[[ COLLECTED MATERIAL, beginning ]]

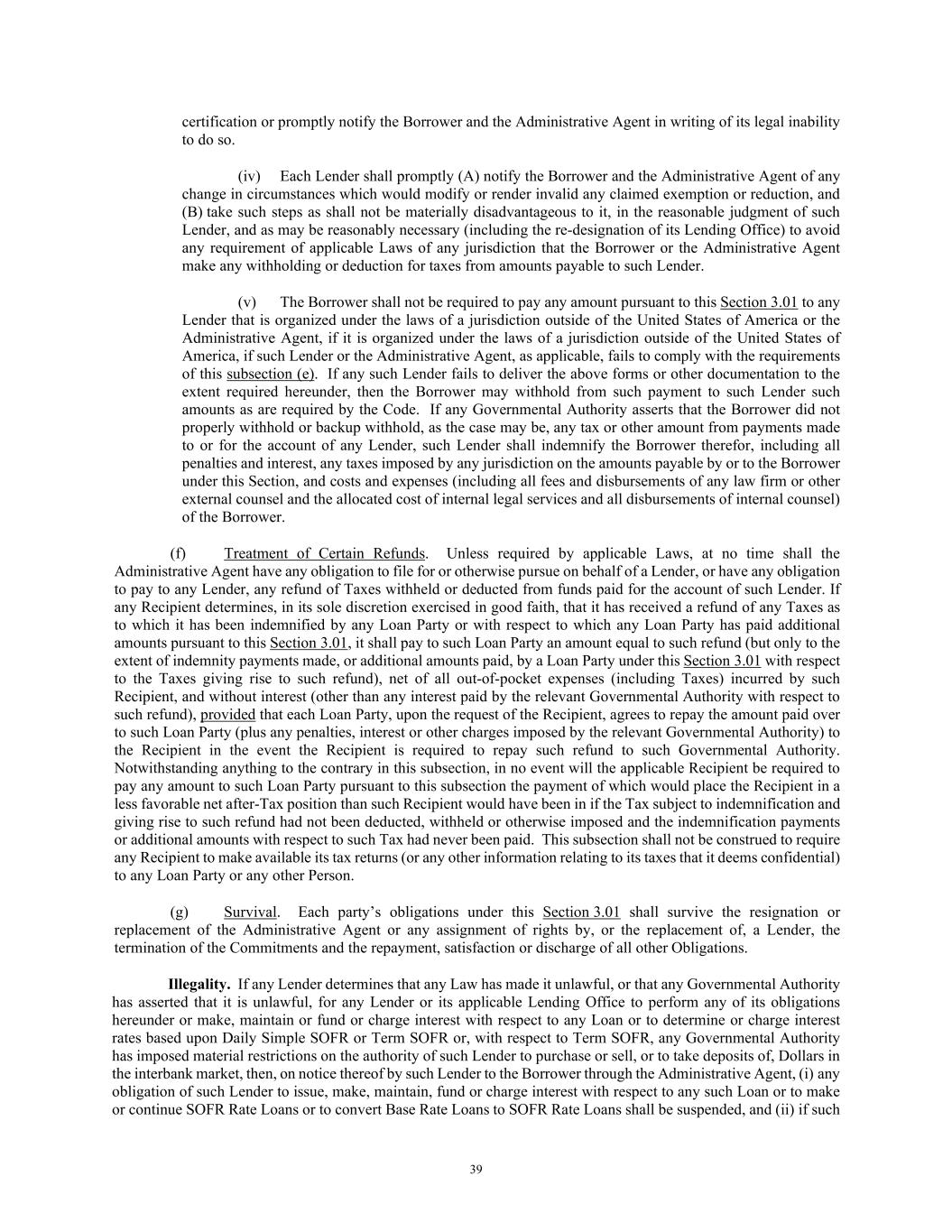 39 certification or promptly notify the Borrower and the Administrative Agent in writing of its legal inability to do so. (iv) Each Lender shall promptly (A) notify the Borrower and the Administrative Agent of any change in circumstances which would modify or render invalid any claimed exemption or reduction, and (B) take such steps as shall not be materially disadvantageous to it, in the reasonable judgment of such Lender, and as may be reasonably necessary (including the re-designation of its Lending Office) to avoid any requirement of applicable Laws of any jurisdiction that the Borrower or the Administrative Agent make any withholding or deduction for taxes from amounts payable to such Lender. (v) The Borrower shall not be required to pay any amount pursuant to this Section 3.01 to any Lender that is organized under the laws of a jurisdiction outside of the United States of America or the Administrative Agent, if it is organized under the laws of a jurisdiction outside of the United States of America, if such Lender or the Administrative Agent, as applicable, fails to comply with the requirements of this subsection (e). If any such Lender fails to deliver the above forms or other documentation to the extent required hereunder, then the Borrower may withhold from such payment to such Lender such amounts as are required by the Code. If any Governmental Authority asserts that the Borrower did not properly withhold or backup withhold, as the case may be, any tax or other amount from payments made to or for the account of any Lender, such Lender shall indemnify the Borrower therefor, including all penalties and interest, any taxes imposed by any jurisdiction on the amounts payable by or to the Borrower under this Section, and costs and expenses (including all fees and disbursements of any law firm or other external counsel and the allocated cost of internal legal services and all disbursements of internal counsel) of the Borrower. (f) Treatment of Certain Refunds. Unless required by applicable Laws, at no time shall the Administrative Agent have any obligation to file for or otherwise pursue on behalf of a Lender, or have any obligation to pay to any Lender, any refund of Taxes withheld or deducted from funds paid for the account of such Lender. If any Recipient determines, in its sole discretion exercised in good faith, that it has received a refund of any Taxes as to which it has been indemnified by any Loan Party or with respect to which any Loan Party has paid additional amounts pursuant to this Section 3.01, it shall pay to such Loan Party an amount equal to such refund (but only to the extent of indemnity payments made, or additional amounts paid, by a Loan Party under this Section 3.01 with respect to the Taxes giving rise to such refund), net of all out-of-pocket expenses (including Taxes) incurred by such Recipient, and without interest (other than any interest paid by the relevant Governmental Authority with respect to such refund), provided that each Loan Party, upon the request of the Recipient, agrees to repay the amount paid over to such Loan Party (plus any penalties, interest or other charges imposed by the relevant Governmental Authority) to the Recipient in the event the Recipient is required to repay such refund to such Governmental Authority. Notwithstanding anything to the contrary in this subsection, in no event will the applicable Recipient be required to pay any amount to such Loan Party pursuant to this subsection the payment of which would place the Recipient in a less favorable net after-Tax position than such Recipient would have been in if the Tax subject to indemnification and giving rise to such refund had not been deducted, withheld or otherwise imposed and the indemnification payments or additional amounts with respect to such Tax had never been paid. This subsection shall not be construed to require any Recipient to make available its tax returns (or any other information relating to its taxes that it deems confidential) to any Loan Party or any other Person. (g) Survival. Each party’s obligations under this Section 3.01 shall survive the resignation or replacement of the Administrative Agent or any assignment of rights by, or the replacement of, a Lender, the termination of the Commitments and the repayment, satisfaction or discharge of all other Obligations. Illegality. If any Lender determines that any Law has made it unlawful, or that any Governmental Authority has asserted that it is unlawful, for any Lender or its applicable Lending Office to perform any of its obligations hereunder or make, maintain or fund or charge interest with respect to any Loan or to determine or charge interest rates based upon Daily Simple SOFR or Term SOFR or, with respect to Term SOFR, any Governmental Authority has imposed material restrictions on the authority of such Lender to purchase or sell, or to take deposits of, Dollars in the interbank market, then, on notice thereof by such Lender to the Borrower through the Administrative Agent, (i) any obligation of such Lender to issue, make, maintain, fund or charge interest with respect to any such Loan or to make or continue SOFR Rate Loans or to convert Base Rate Loans to SOFR Rate Loans shall be suspended, and (ii) if such
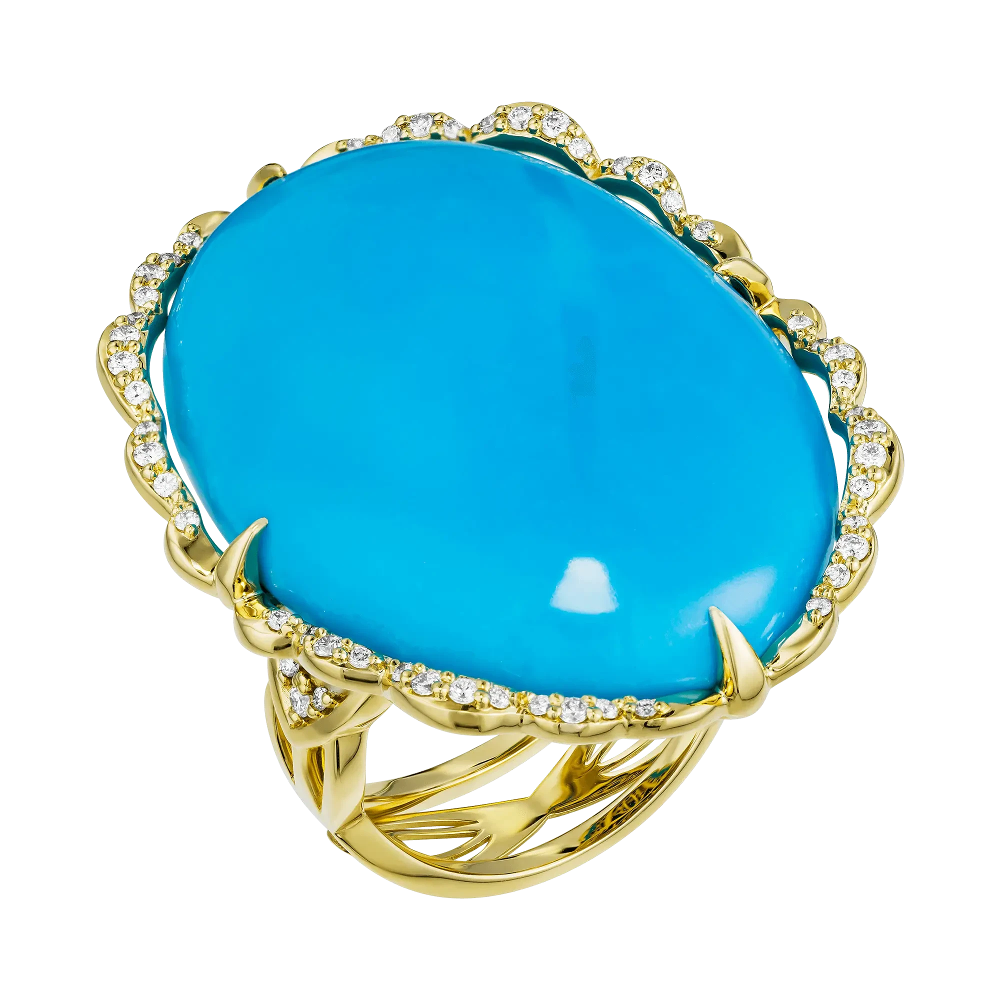 Бирюза заключена в ажурную оправу из жёлтого золота, линии которой образуют изысканный орнамент, придающий украшению лёгкость и выразительность. Россыпь бриллиантов добавляет композиции искристые вспышки света, усиливая контраст с мягкими небесными оттенками самоцветов.
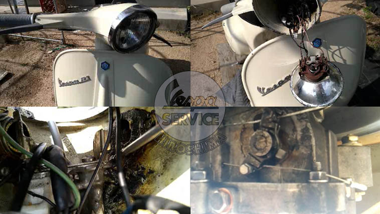 で、お店に到着してからは、修理するVESPAを軽トラに積み込み

[[ COLLECTED MATERIAL, end ]]

◆ DESCRIPTION OF THE TASK
Everything in the data above, apart from the pictures, should be retyped exactly.

◆ OUTPUT OF THE EXERCISE
 39 certification or promptly notify the Borrower and the Administrative Agent in writing of its legal inability to do so. (iv) Each Lender shall promptly (A) notify the Borrower and the Administrative Agent of any change in circumstances which would modify or render invalid any claimed exemption or reduction, and (B) take such steps as shall not be materially disadvantageous to it, in the reasonable judgment of such Lender, and as may be reasonably necessary (including the re-designation of its Lending Office) to avoid any requirement of applicable Laws of any jurisdiction that the Borrower or the Administrative Agent make any withholding or deduction for taxes from amounts payable to such Lender. (v) The Borrower shall not be required to pay any amount pursuant to this Section 3.01 to any Lender that is organized under the laws of a jurisdiction outside of the United States of America or the Administrative Agent, if it is organized under the laws of a jurisdiction outside of the United States of America, if such Lender or the Administrative Agent, as applicable, fails to comply with the requirements of this subsection (e). If any such Lender fails to deliver the above forms or other documentation to the extent required hereunder, then the Borrower may withhold from such payment to such Lender such amounts as are required by the Code. If any Governmental Authority asserts that the Borrower did not properly withhold or backup withhold, as the case may be, any tax or other amount from payments made to or for the account of any Lender, such Lender shall indemnify the Borrower therefor, including all penalties and interest, any taxes imposed by any jurisdiction on the amounts payable by or to the Borrower under this Section, and costs and expenses (including all fees and disbursements of any law firm or other external counsel and the allocated cost of internal legal services and all disbursements of internal counsel) of the Borrower. (f) Treatment of Certain Refunds. Unless required by applicable Laws, at no time shall the Administrative Agent have any obligation to file for or otherwise pursue on behalf of a Lender, or have any obligation to pay to any Lender, any refund of Taxes withheld or deducted from funds paid for the account of such Lender. If any Recipient determines, in its sole discretion exercised in good faith, that it has received a refund of any Taxes as to which it has been indemnified by any Loan Party or with respect to which any Loan Party has paid additional amounts pursuant to this Section 3.01, it shall pay to such Loan Party an amount equal to such refund (but only to the extent of indemnity payments made, or additional amounts paid, by a Loan Party under this Section 3.01 with respect to the Taxes giving rise to such refund), net of all out-of-pocket expenses (including Taxes) incurred by such Recipient, and without interest (other than any interest paid by the relevant Governmental Authority with respect to such refund), provided that each Loan Party, upon the request of the Recipient, agrees to repay the amount paid over to such Loan Party (plus any penalties, interest or other charges imposed by the relevant Governmental Authority) to the Recipient in the event the Recipient is required to repay such refund to such Governmental Authority. Notwithstanding anything to the contrary in this subsection, in no event will the applicable Recipient be required to pay any amount to such Loan Party pursuant to this subsection the payment of which would place the Recipient in a less favorable net after-Tax position than such Recipient would have been in if the Tax subject to indemnification and giving rise to such refund had not been deducted, withheld or otherwise imposed and the indemnification payments or additional amounts with respect to such Tax had never been paid. This subsection shall not be construed to require any Recipient to make available its tax returns (or any other information relating to its taxes that it deems confidential) to any Loan Party or any other Person. (g) Survival. Each party’s obligations under this Section 3.01 shall survive the resignation or replacement of the Administrative Agent or any assignment of rights by, or the replacement of, a Lender, the termination of the Commitments and the repayment, satisfaction or discharge of all other Obligations. Illegality. If any Lender determines that any Law has made it unlawful, or that any Governmental Authority has asserted that it is unlawful, for any Lender or its applicable Lending Office to perform any of its obligations hereunder or make, maintain or fund or charge interest with respect to any Loan or to determine or charge interest rates based upon Daily Simple SOFR or Term SOFR or, with respect to Term SOFR, any Governmental Authority has imposed material restrictions on the authority of such Lender to purchase or sell, or to take deposits of, Dollars in the interbank market, then, on notice thereof by such Lender to the Borrower through the Administrative Agent, (i) any obligation of such Lender to issue, make, maintain, fund or charge interest with respect to any such Loan or to make or continue SOFR Rate Loans or to convert Base Rate Loans to SOFR Rate Loans shall be suspended, and (ii) if such
 Бирюза заключена в ажурную оправу из жёлтого золота, линии которой образуют изысканный орнамент, придающий украшению лёгкость и выразительность. Россыпь бриллиантов добавляет композиции искристые вспышки света, усиливая контраст с мягкими небесными оттенками самоцветов.
 で、お店に到着してからは、修理するVESPAを軽トラに積み込み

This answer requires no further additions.